Probably one of my top 5 favorite meals is risotto. I’m not sure why I love it so much, possibly because its nice and creamy and has a good texture (most of the time). The best risotto I’ve ever had to this day has got to be the shrimp risotto from the Infinity Restaurant at Oyster Bay Resort in St. Maarten. We had such travel issues just getting to the island and arrived 5 minutes before the restaurant closed. Feeling our pain and seeing how exhausted we were, they graciously kept the kitchen open for us. Originally the risotto was lobster, but they ran out of lobster and asked if shrimp would be ok. Beggars can’t be choosers and at this point I was begging for anything that didn’t come in a snack sized bag. All I remember was that once I was done with dinner, I wanted more. I ordered it again the next night and tried again before we left but it wasn’t on the menu anymore, which was a bummer. It was so good I took a picture a picture of it, though the picture doesn’t do it justice at all, especially in the styrofoam container its in. I should try to recreate this meal, I’m sure it won’t be the same, but who knows, it might be even better! (I doubt it). Man, I could really go for some now, I wonder if they would deliver….

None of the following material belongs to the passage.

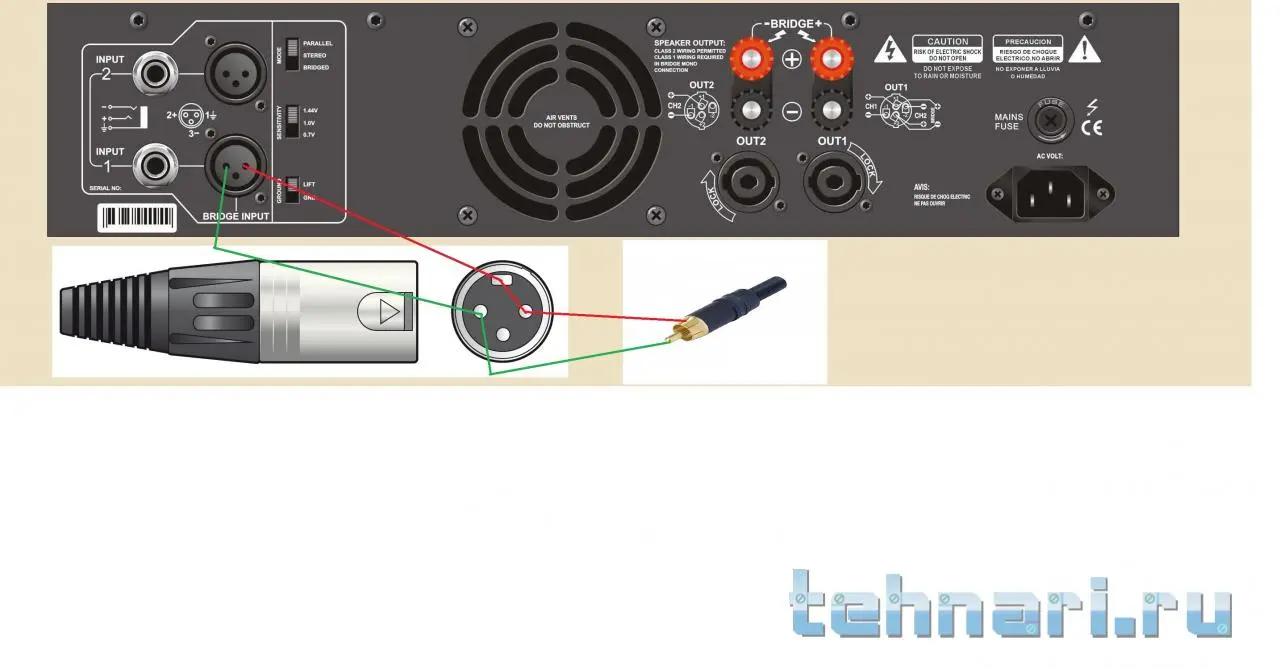 как подсоединить вот этот усилитель. Audio Force MA-300 к компьютеру. первое и второе фото самого усилителя. 3 фото проводов с какими он мне достался. 4 фото это то как провода спаянны. меня интересует правильно ли они спаянны? так как минус припаян на заземления и на корпус этого штекера XLR. хотя у усилителя минус есть. перепаивать на минус надо или нет? и как усилитель подключить к компьютеру? микшера пока нет но скоро куплю

I’ve done risotto recipes before, always hovering around the stove, stirring every so many minutes after adding the hot chicken broth. It’s time-consuming but worth it. The risotto I made last night was done in the oven, sounds crazy, I know, but it’s pretty easy. I still like the stove top method better, but if you really want risotto and don’t want to bother with the stirring, try the oven method.
Here’s Giada’s Chicken Round 2 Recipe:
Risotto with bacon and kale ( Courtesy of Giada De Laurentiis)

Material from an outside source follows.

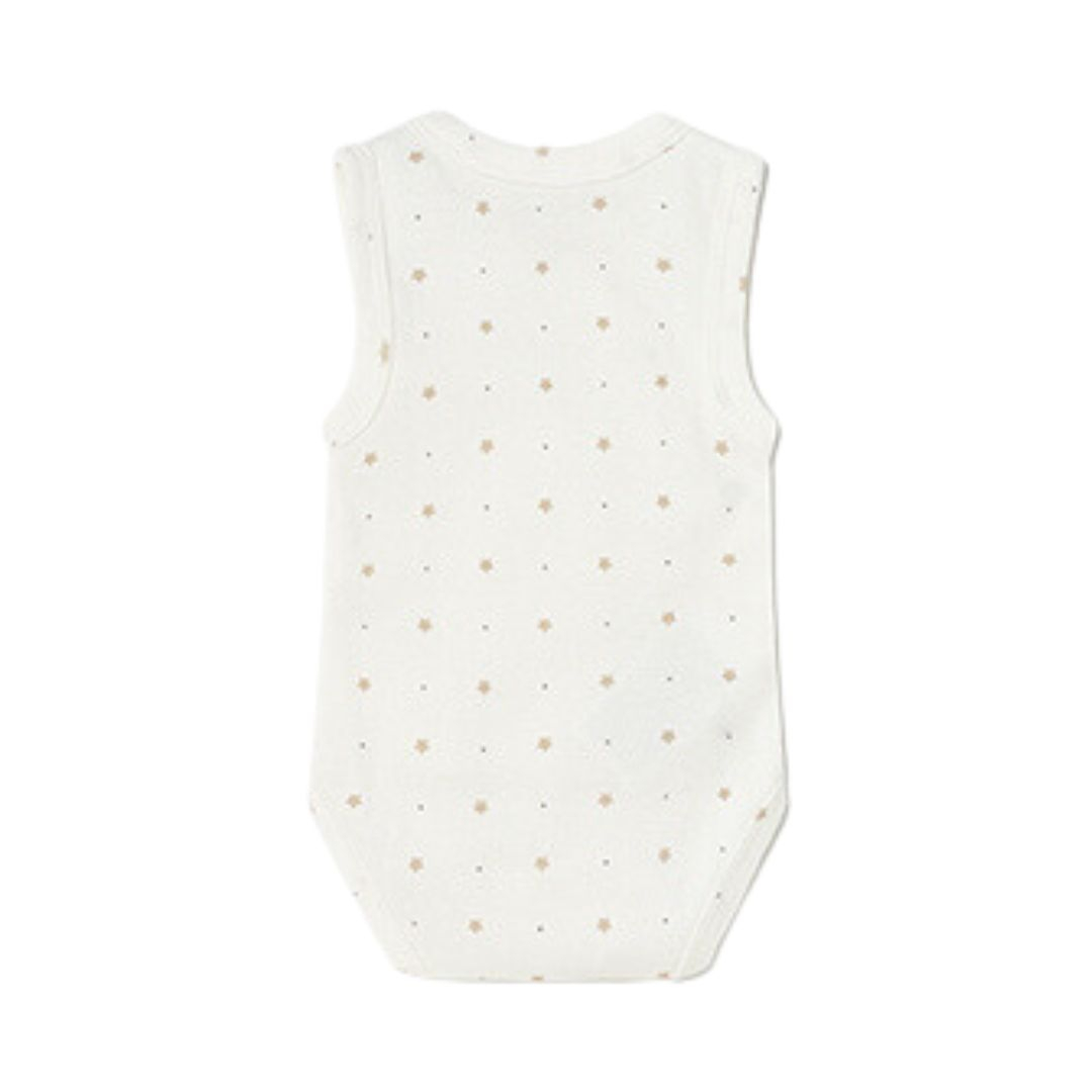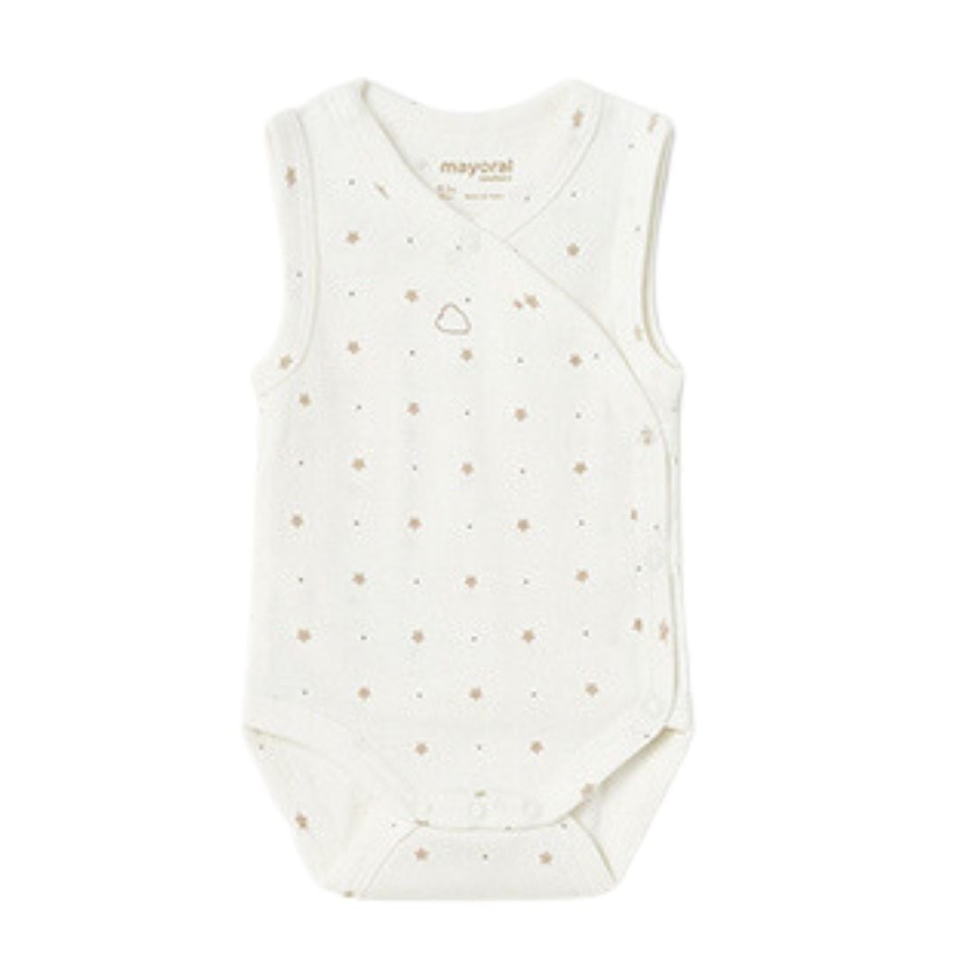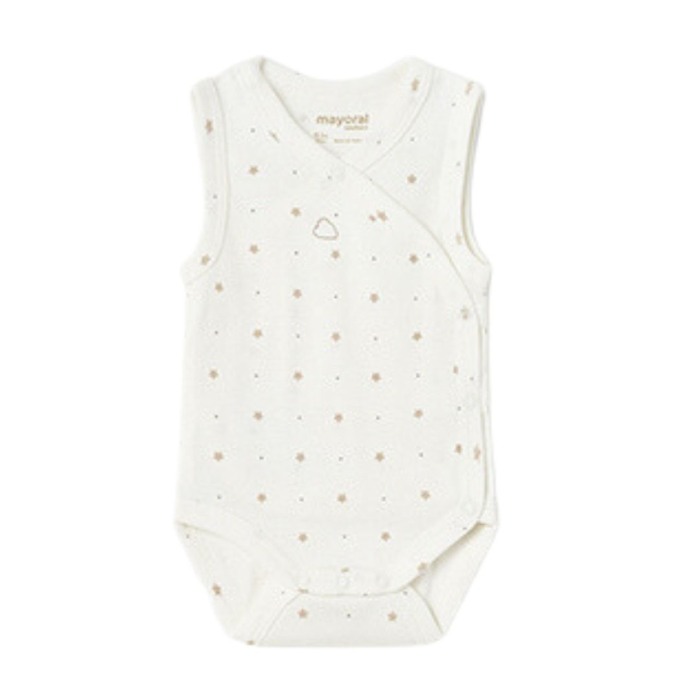Body fara maneci ECOFRIENDS - Stelute bej - Mayoral Body-ul maiou este ideal pentru perioada calda sau pentru a fi imbracat sub alte hainute.Gulerul este incrucisat cu deshidere laterala si inchidere cu 3 capse pe partea dreapta si 3 capse in partea de jos pentru a facilita imbracarea body-ului. Se poate folosi in toate anotimpurile anului.In cazul marimilor mai mari (4-6 luni - 18 luni), inchiderea laterala este inlocuita de o deschidere la umar.Material: 100% bumbacCuloare: Off-whiteImprimeu: stelute mici bejIntretinere:

4 slices bacon, chopped coarsely
1 large onion, chopped
1 teaspoon kosher salt
1/2 teaspoon freshly ground black pepper
1 cup arborio rice
3 cups low-salt chicken broth, plus 1/4 to 1/2 cup
3 tablespoons fresh lemon juice (about 1 large lemon)
3 medium curly kale leaves, stemmed and chopped into 1-inch pieces (about 3 cups)

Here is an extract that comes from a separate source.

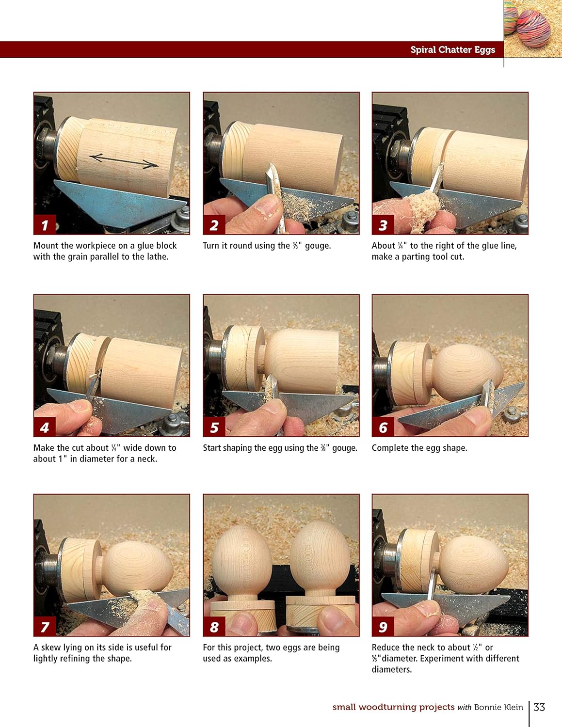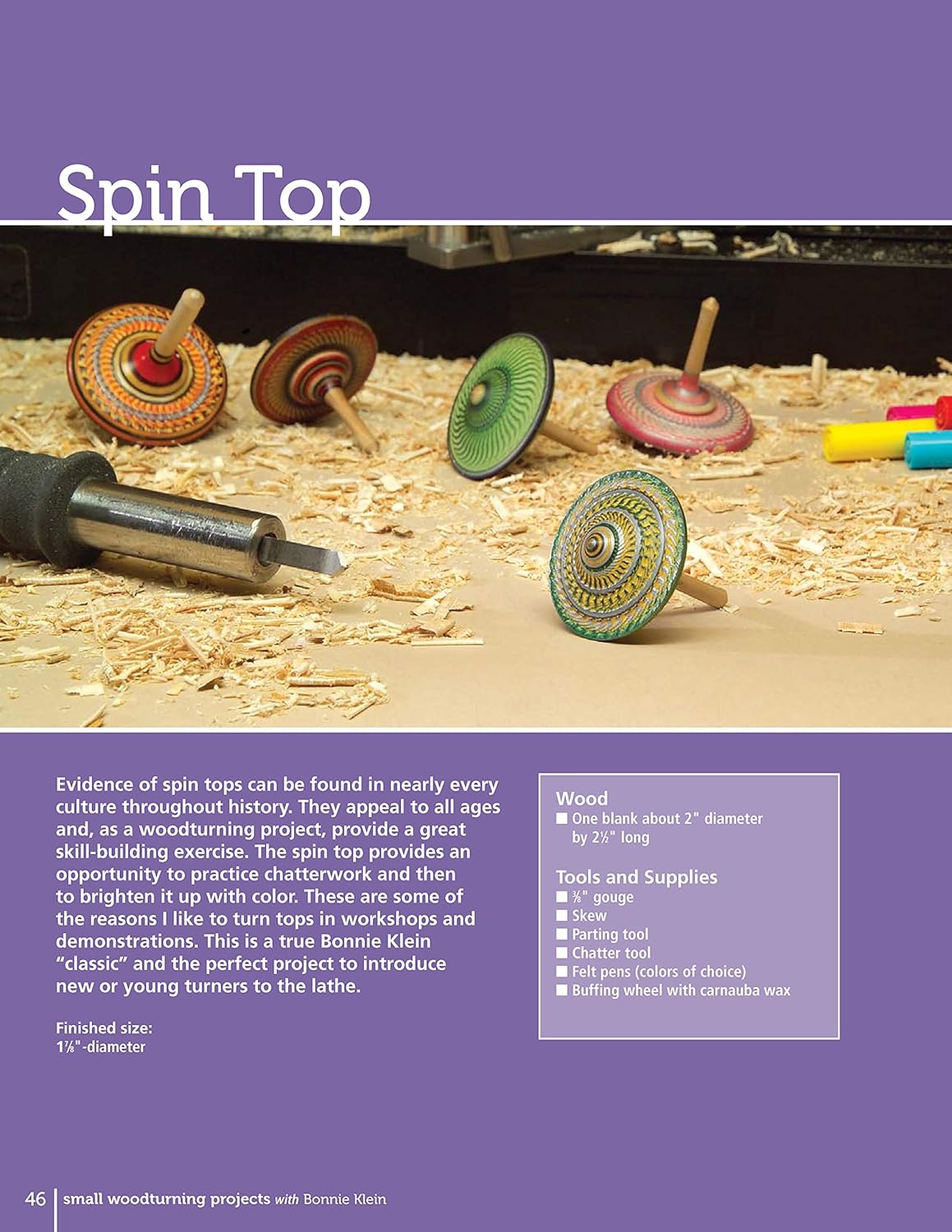 A legendary woodturning expert reveals the techniques that lead to woodturning success. Whether you are an enthusiastic beginner or an experienced turner, these practical and fun-to-make small projects are Bonnie Klein "classics" that will ultimately improve your woodturning expertise on any size lathe. Twelve step-by-step projects demonstrate a wide variety of techniques and decorative enhancements, accompanied by full-color photographs and easy-to-follow instructions..

3/4 cup diced leftover chicken (from roasted chicken with root vegetables)
1 roasted carrot, chopped (from roasted chicken with root vegetables)
1 roasted parsnip, chopped (from roasted chicken with root vegetables)
1 roasted shallot, chopped (from roasted chicken with root vegetables)
1/2 cup freshly grated Parmesan cheese
Place a rack in the center of the oven. Preheat the oven to 425 degrees F.
In a large heavy saucepan or braising pan, cook the bacon over medium-high heat until crisp, about 8 to 10 minutes. Using a slotted spoon, remove the bacon and drain on paper towels.
Add the onion, 1 teaspoon salt and 1/2 teaspoon pepper. Reduce heat to medium-low and cook until tender, about 5 minutes. Add the rice and stir for 2 minutes. Add 3 cups broth and lemon juice. Increase the heat and bring the mixture to a boil, stirring occasionally. Cover with a tight lid and bake for 20 to 25 minutes.
Remove the pan from the oven and return it to the stove over medium-low heat. Remove the lid and stir in the kale, chicken, roasted vegetables and 1/4 cup low sodium chicken broth. Stir until the kale is wilted, about 5 minutes, adding extra broth, as needed, until the risotto is creamy. Stir in the cooked bacon and cheese. Ladle into bowls and serve.
Verdict: Now I didn’t use bacon or chicken in this, I think if I did, it would have been AMAZING! It was still good. Like I said, I love risotto. I also would have not done this in the oven, I think it came out too gummy, but that could be because my oven stinks and is a tad on the hotter side. The veggies were a nice plus in this, I was just glad to use up the leftovers from the roasted chicken. Now, I wasn’t sure if Eric would like this. He never really likes risotto but will eat it if I make it as a side dish but usually won’t go back for seconds. To my surprise, he didn’t hate this dish, though he couldn’t eat it straight up, he had to douse it will hot sauce and make it into a burrito. Yes, a burrito, because according to him, everything tastes good in a tortilla. I’m not sure about this, but at least he ate it, he actually had two risotto burritos. My suggestion is try it the normal way first, if you don’t like it, stuff it in a tortilla with some hot sauce.
Tonight Eric is charge of dinner. I believe we’re having fajitas with avocado cream. At least this dinner requires tortillas.